■ AIM OF THE EXERCISE: From the first line of the records below through the line with "A ballot paper", output each line exactly; skip the pictures.

______

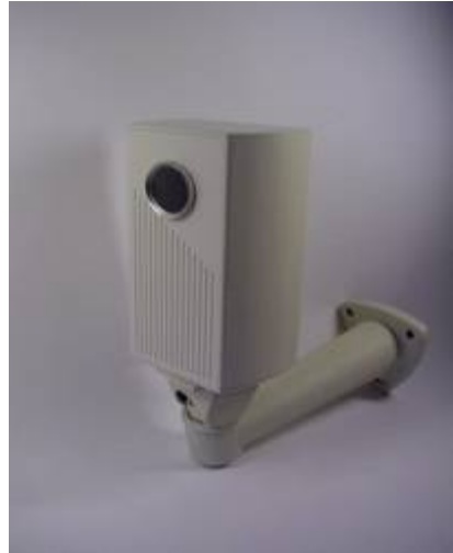
Modell 6207 massive wallmount with balljoint mounted directly to the housing with covered cable channel
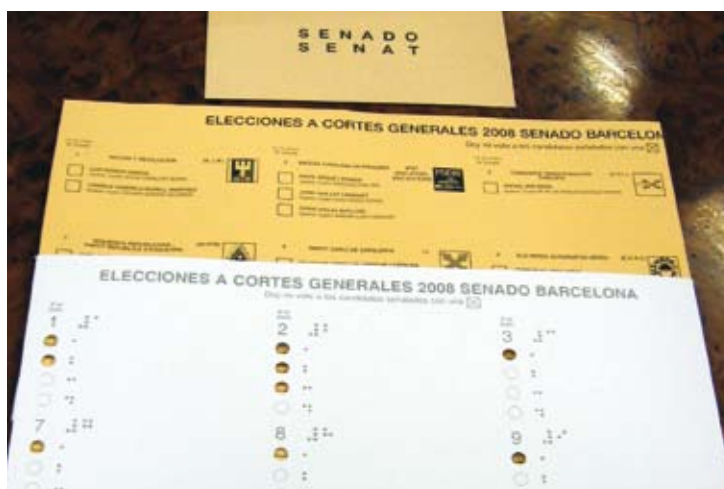
A ballot paper in braille for the 9 March 2008 parliamentary elections in Spain.

► Democratic standards: Much progress has been made in many OSCE participating States in bringing electoral practices in line with commitments based on the 1990 OSCE Copenhagen criteria, which serve as the basis for ODIHR's assessment of individual elections. While there have been improvements in the legal and administrative framework for elections, these improvements only make a difference if they affect actual practice. Therefore, ODIHR also continues to report serious flaws in the conduct of elections in a number of OSCE participating States. The list of shortcomings observed in one or more states is extensive, including the restriction of fundamental freedoms, limitations of the opportunity and right to run for public office, impediments to universal and equal suffrage resulting from inadequate voter registration, inequitable media access and biased coverage favouring particular candidates or parties, the abuse of state administrative resources, limitations on access for domestic and international observers, ineffectual complaints and appeals procedures, and fraud during the counting and tabulation of votes.
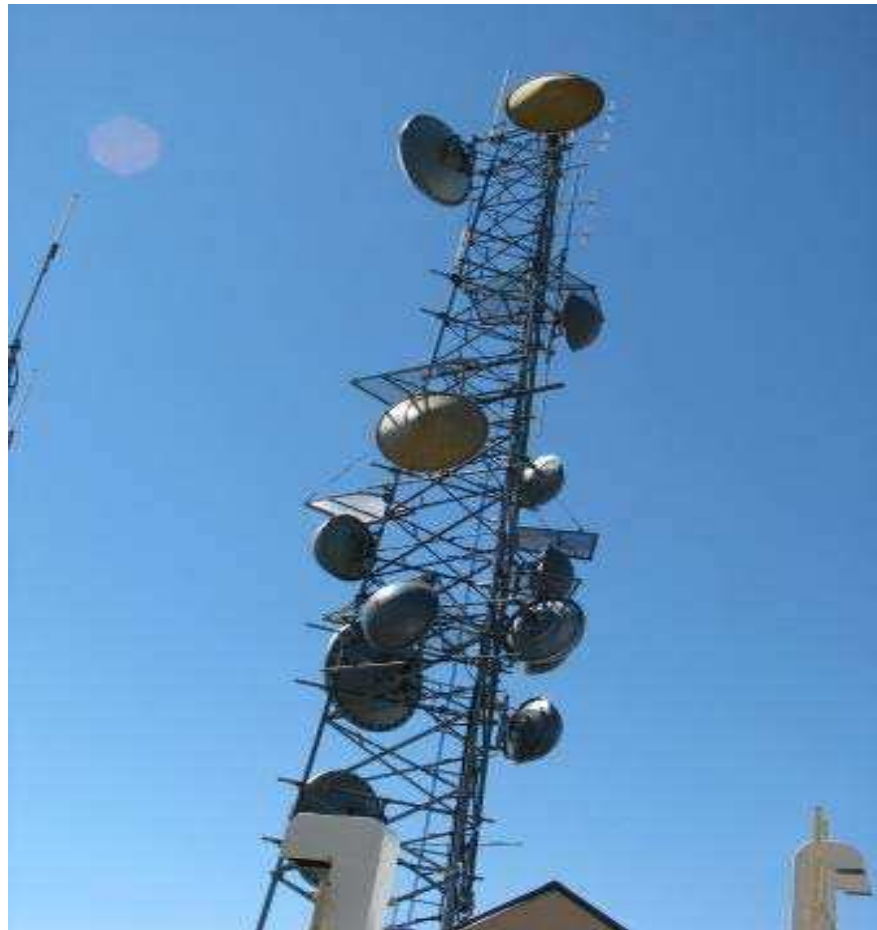
Facility 2 – Union Pacific Railroad
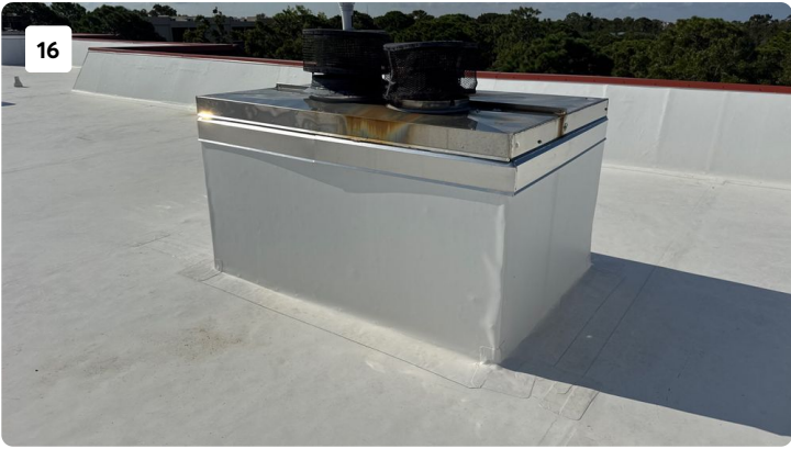
Roof level Images

Project: Gulf Front Lagoon Bldg 2 Creator: FLRCIS LLC
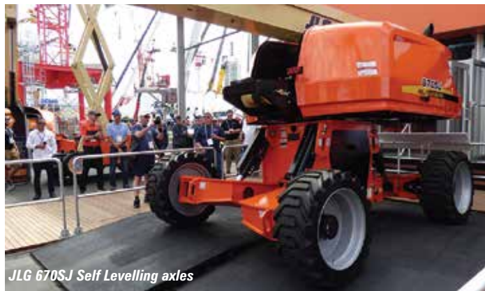
JLG 670SJ Self Levelling axles

the out of level condition and prevents the boom from being elevated above horizontal. On the 670SJ however, the boom comes to a stop just above horizontal while the machine automatically levels up on inclines of up to 10 degrees. Once the superstructure is level the boom can be elevated as if on level ground. In this configuration the machine will also operate in dynamic auto-levelling mode, allowing the operator to drive the machine at height with the chassis constantly adjusting to the changing ground conditions, maintaining a level platform. Finally, once the machine is loaded on a trailer the operator can press the travel mode button which lowers the chassis to a point where the base is just over 12mm above the deck for a lower load height and centre of gravity.
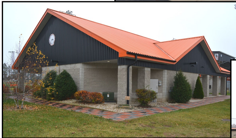
Eskymos Concessions Building - North West side
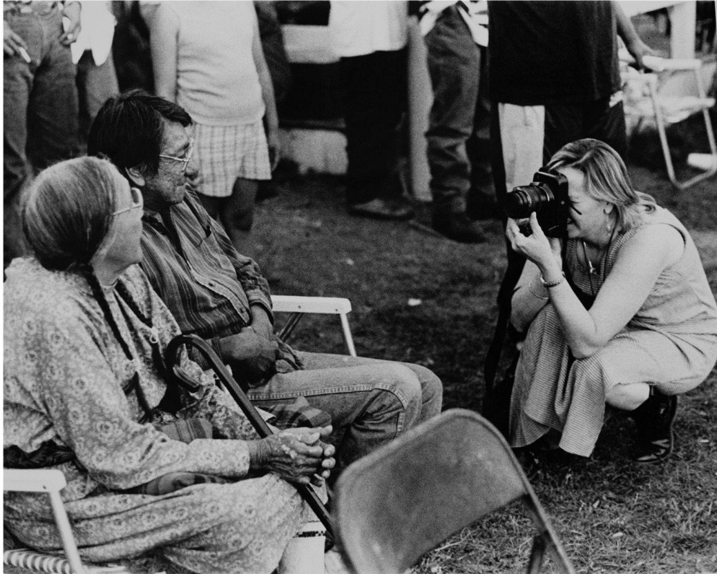
Zig Jackson (Rising Buffalo) [Sahnish (Arikara), Minitari (Hidatsa), Numakiki (Mandan), born 1957], Indian Photographing Tourist Photographing Indians , Crow Agency, Montana , 1991

Gelatin silver print Mount Holyoke College Art Museum, Purchase with the Madeleine Pinsof Plonsker (Class of 1962) Fund, 2018.8.2
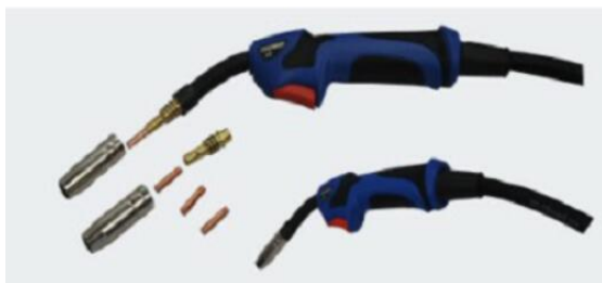
High Quality CO2 Welding Torch with thickened copper pipe from European premium brand.
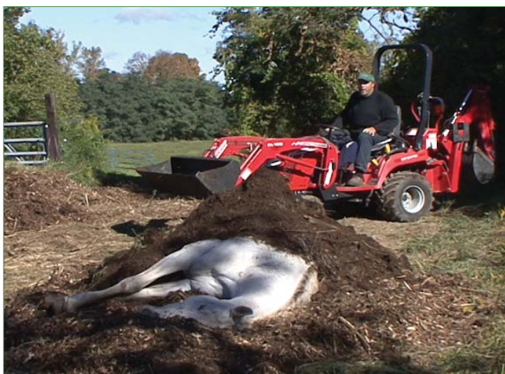
Horse being covered in woodchips.

If your horse has been euthanized with a drug such as sodium pentobarbital, care should be taken to dispose of the remains as quickly as possible. They will contain potentially harmful residues. Wildlife and domestic animals may be attracted by the carcass and become intoxicated or die if allowed to feed on it. Properly built compost piles will deter pets and wildlife from feeding on carcasses. Sodium pentobarbital has been shown to degrade during the composting process so that by the time composting is finished (within six months) very low levels of the drug remain.
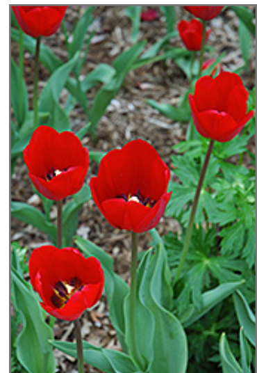
Bastogne Tulip flowers
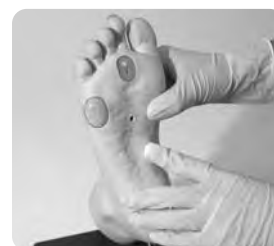
Observations of the anatomical positions
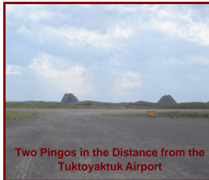
Two Pingos in the Distance from the Tuktoyaktuk Airport

Without an all-weather connection some communities' and residents' access to resource development opportunities will be lost. Also lost, will be an opportunity to move forward on an economic diversification agenda for these communities. The all-weather connection will ensure all communities have access to benefit from resource development and related opportunities.
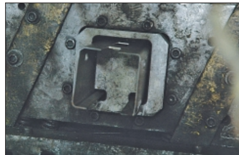
Close-Up View Upright Profile
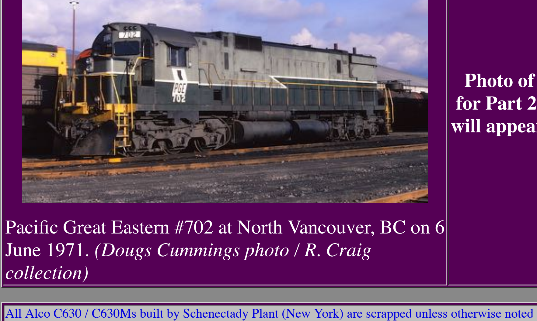
Original Buyer Road No. 2nd Owner 3rd Owner
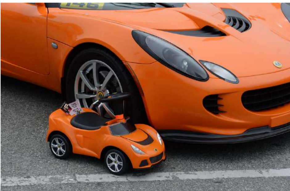
06-Lotus Elise Models for Parent and Child.jpg, Don Eastman STAR RATING: 3 COMMENT: Fun image to look at.
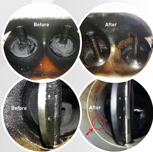
Close-up of the intake valves (at top) and the intake pipe flap (bottom).

The resulting problems are wide and varied - from a thoroughly contaminated intake area through a faulty exhaust gas recirculation valve and poorly closing intake valves as well as the associated loss of compression to engine damage.
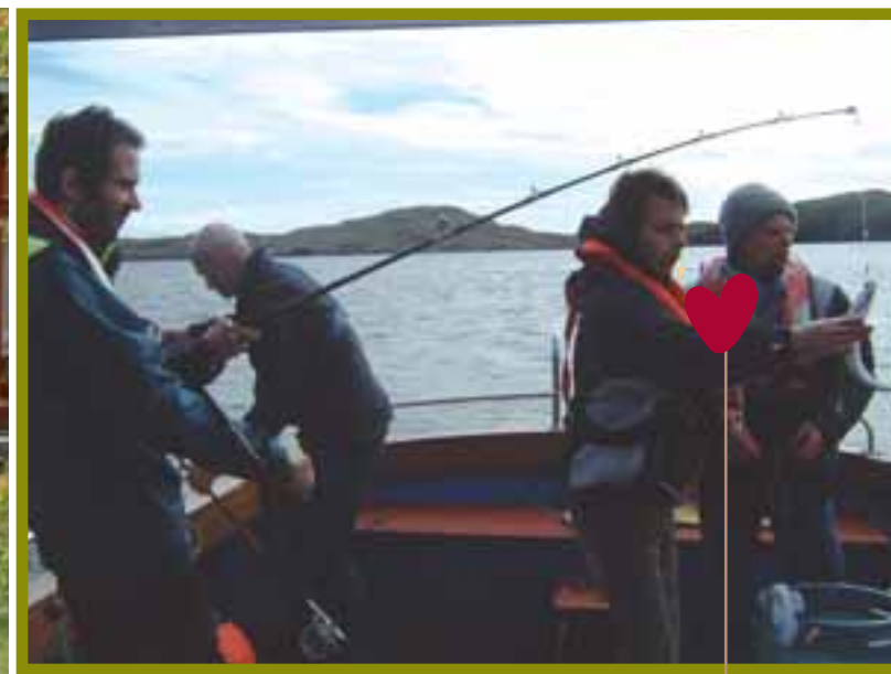
Shetland Community Drugs team

______

■ EXERCISE SOLUTION:
Modell 6207 massive wallmount with balljoint mounted directly to the housing with covered cable channel
A ballot paper in braille for the 9 March 2008 parliamentary elections in Spain.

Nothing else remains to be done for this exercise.